Suppose I want to check if a (11, 6, 4) code exists.
I cannot prove non-existence using the singleton and the hamming bound. I also cannot prove existence using the gilbert-varshamov bound. I'm not sure what is the best way to go then - shall I just try to create a parity-check matrix?
On
An extended Hamming code has parameters $(16,11,4)$. By shortening it in five positions you get the desired $(11,6,4)$-code. The process can also be described as follows. Let $C$ be that $(16,11,4)$-code. Select a set of five bit positions. Let $C'$ be the subspace consisting of those words of $C$ that have a zero at all those five positions. This amounts to adding five extra parity checks, so $C'$ is a linear code. Because all the words of $C'$ are also words of $C$, its minimum weight is still $\ge4$. Because we place 5 extra parity checks, the dimension of $C'$ is at least $11-5=6$. Finally, if we throw away the five shared zeros of all the words of $C'$, we get a code of length $11$.
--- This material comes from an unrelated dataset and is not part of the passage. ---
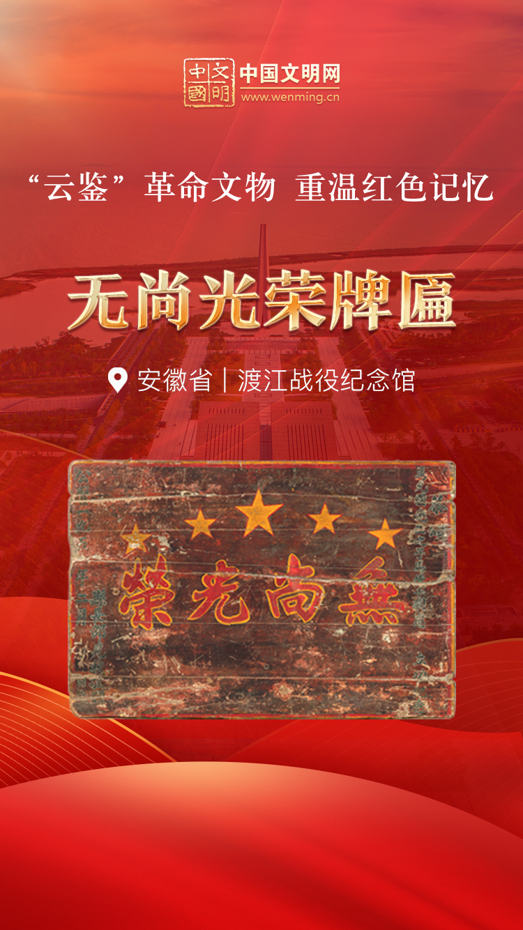 革命文物,承载党和人民英勇奋斗的光荣历史,是弘扬革命传统和革命文化、加强社会主义精神文明建设、激发爱国热情、振奋民族精神的生动教材。中国文明网“文明之声·云鉴馆藏”专栏邀您走进各地革命博物馆、纪念馆、党史馆等红色主题场馆,与广大青少年学生一起“云鉴”红色馆藏,汲取奋进力量。今天为您介绍渡江战役纪念馆的馆藏文物——无尚光荣牌匾。

Equivalently you can just throw away any five columns from the parity check matrix $$ H=\left(\begin{array}{l} 1111 1111 1111 1111\\ 0000 0000 1111 1111\\ 0000 1111 0000 1111\\ 0011 0011 0011 0011\\ 0101 0101 0101 0101 \end{array}\right) $$ of the $(16,11,4)$ extended Hamming code.
I tried to simply create a parity check matrix for the code and it turned out to be quite easier than I thought.
Assuming $r = n - k = 5$
$$ H=\left(\begin{array}{l} 11100\\ 01110\\ 00111\\ 10011\\ 11001\\ 11111\\ 10000\\ 01000\\ 00100\\ 00010\\ 00001 \end{array}\right) $$
Any 3 $(d-1)$ rows are linearly independent and there is at least one set of of 4 $(d)$ linearly dependent rows.